▶ [Available data]:
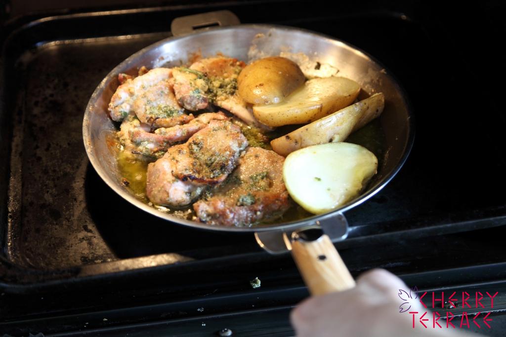 バーミックスで、パセリ、にんにく、くるみ、オイルなどをよくつぶし混ぜ、鶏肉にもみ込んでからオーブンで焼きます。香ばしいソースの香りと、鶏肉の旨味が染み込んだポテトのおいしさは絶品です。
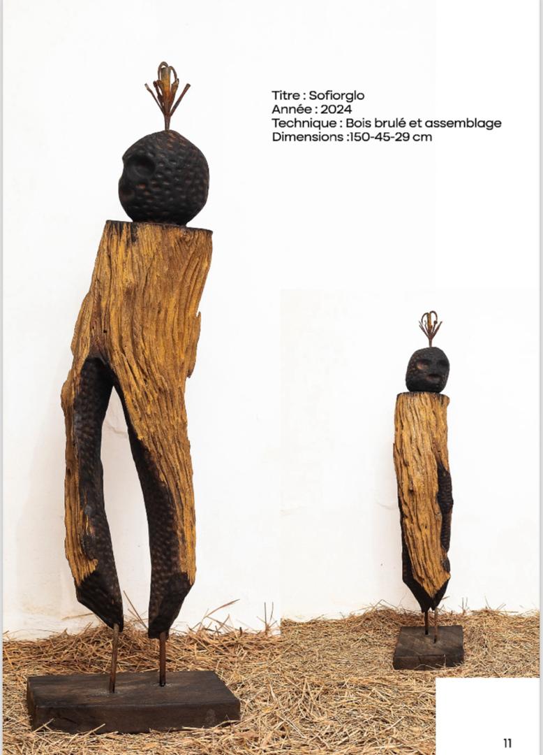 Dans cet univers purement évocateur du spirituel, ‘’Sofiorglo’’ se distingue. Sculptée en 2024 selon la technique du bois brulé et de l’assemblage, elle se dresse de manière atypique. Avec allure, au visage scarifié, ni homme ni femme, mais absolument humain. Dans sa tête est planté un objet métallique comportant de petites branches tantôt courbées. « Ce sont des antennes pour capter les ondes spirituelles », poursuit le curateur. De son buste au pieds gauche et droit suspendus sur deux barres de fer, plantés dans une planche de bois, on remarque un trou. Haute d’1m50, 45-29 cm. ‘’Sofiorglo’’, vient de Sofior, le totem et de Glo, la terminaison du nom de famille de l’artiste Agbetoglo. Pour lui, ‘’Sofiorglo’’ occupe une place de choix. Elle est spéciale.
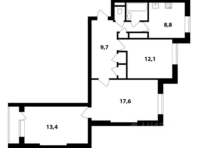 От года, 60 000 ₽ + 10 000 ₽ комм. платежи (счётчики включены), без комиссии, залог 60 000 ₽
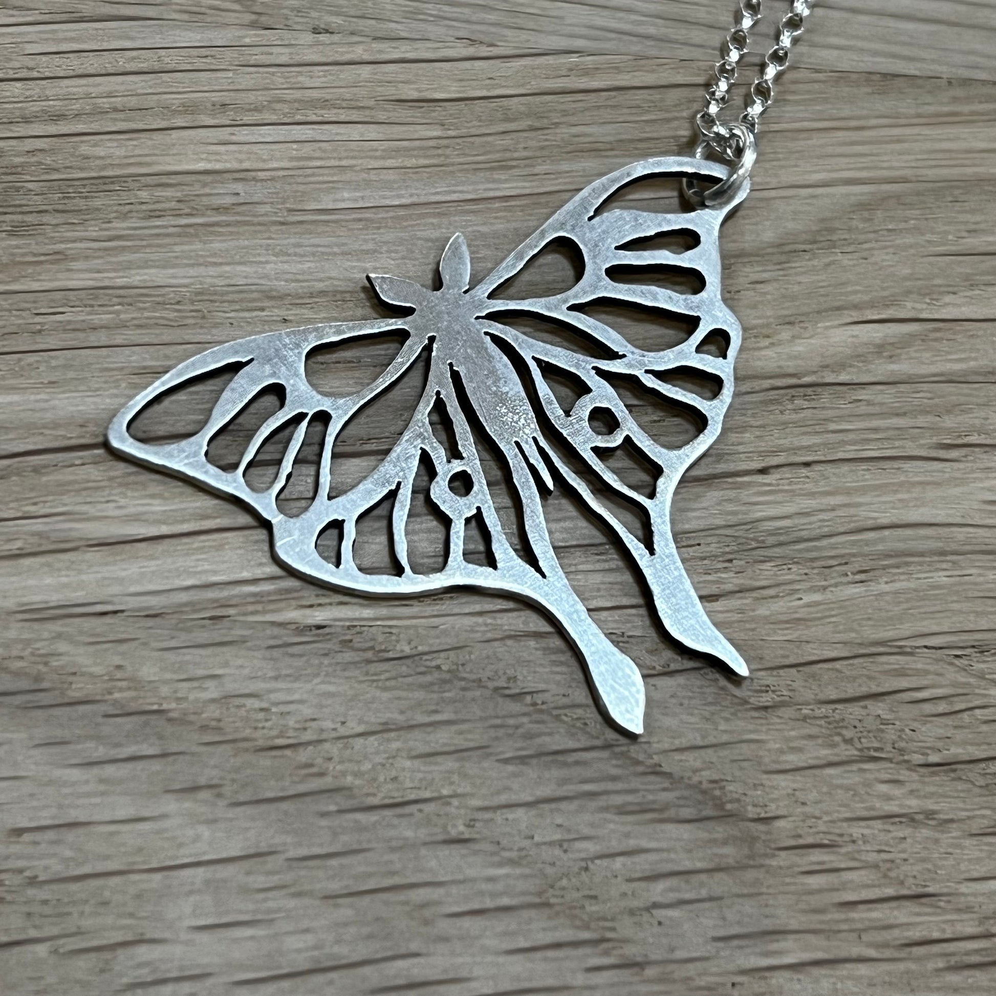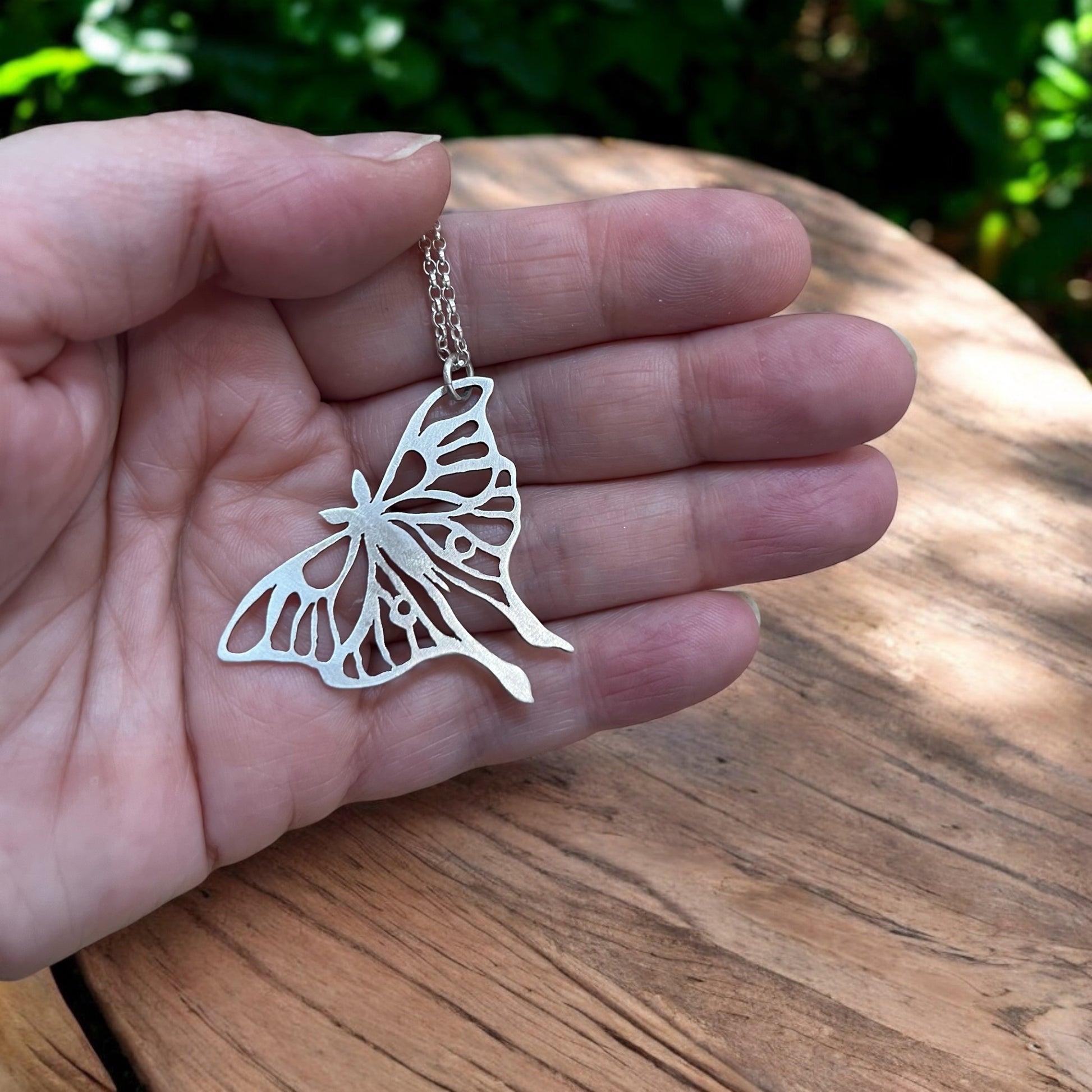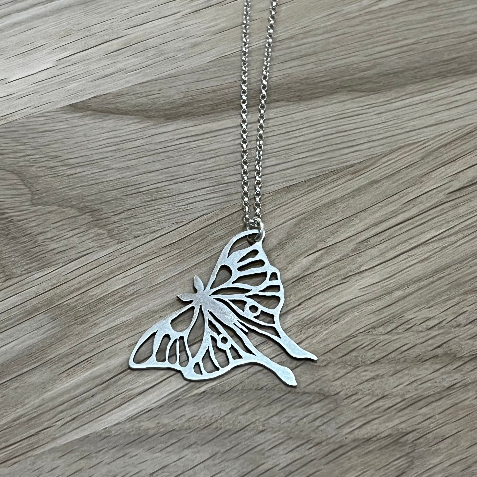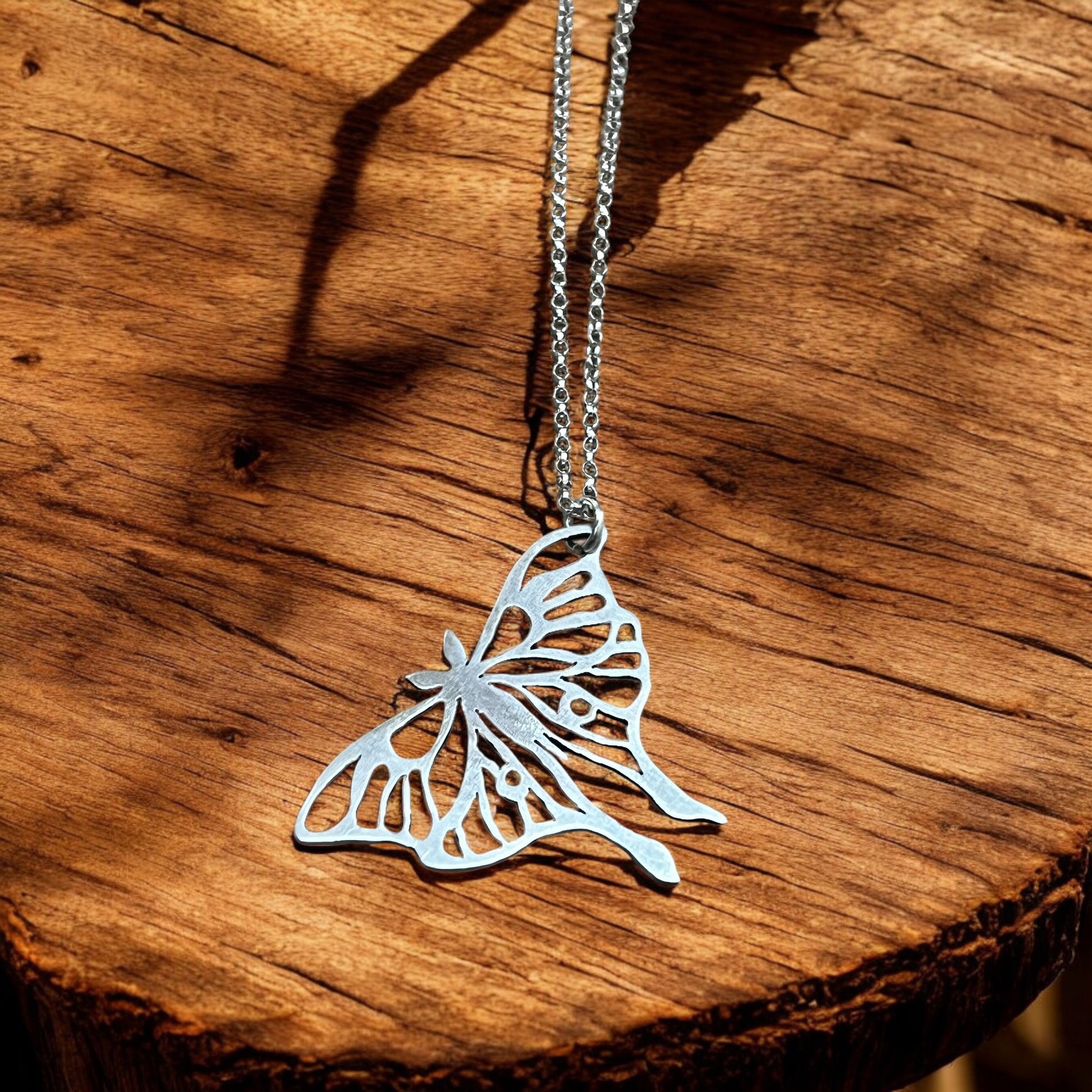 Flight is a meticulously hand pierced sterling silver pendant that captures the delicate grace of butterflies, often seen as messengers from other realms.

▶ [Task details]: Reproduce all lines above exactly. Leave the images out.

▶ [Answer box]:
 バーミックスで、パセリ、にんにく、くるみ、オイルなどをよくつぶし混ぜ、鶏肉にもみ込んでからオーブンで焼きます。香ばしいソースの香りと、鶏肉の旨味が染み込んだポテトのおいしさは絶品です。
 Dans cet univers purement évocateur du spirituel, ‘’Sofiorglo’’ se distingue. Sculptée en 2024 selon la technique du bois brulé et de l’assemblage, elle se dresse de manière atypique. Avec allure, au visage scarifié, ni homme ni femme, mais absolument humain. Dans sa tête est planté un objet métallique comportant de petites branches tantôt courbées. « Ce sont des antennes pour capter les ondes spirituelles », poursuit le curateur. De son buste au pieds gauche et droit suspendus sur deux barres de fer, plantés dans une planche de bois, on remarque un trou. Haute d’1m50, 45-29 cm. ‘’Sofiorglo’’, vient de Sofior, le totem et de Glo, la terminaison du nom de famille de l’artiste Agbetoglo. Pour lui, ‘’Sofiorglo’’ occupe une place de choix. Elle est spéciale.
 От года, 60 000 ₽ + 10 000 ₽ комм. платежи (счётчики включены), без комиссии, залог 60 000 ₽
 Flight is a meticulously hand pierced sterling silver pendant that captures the delicate grace of butterflies, often seen as messengers from other realms.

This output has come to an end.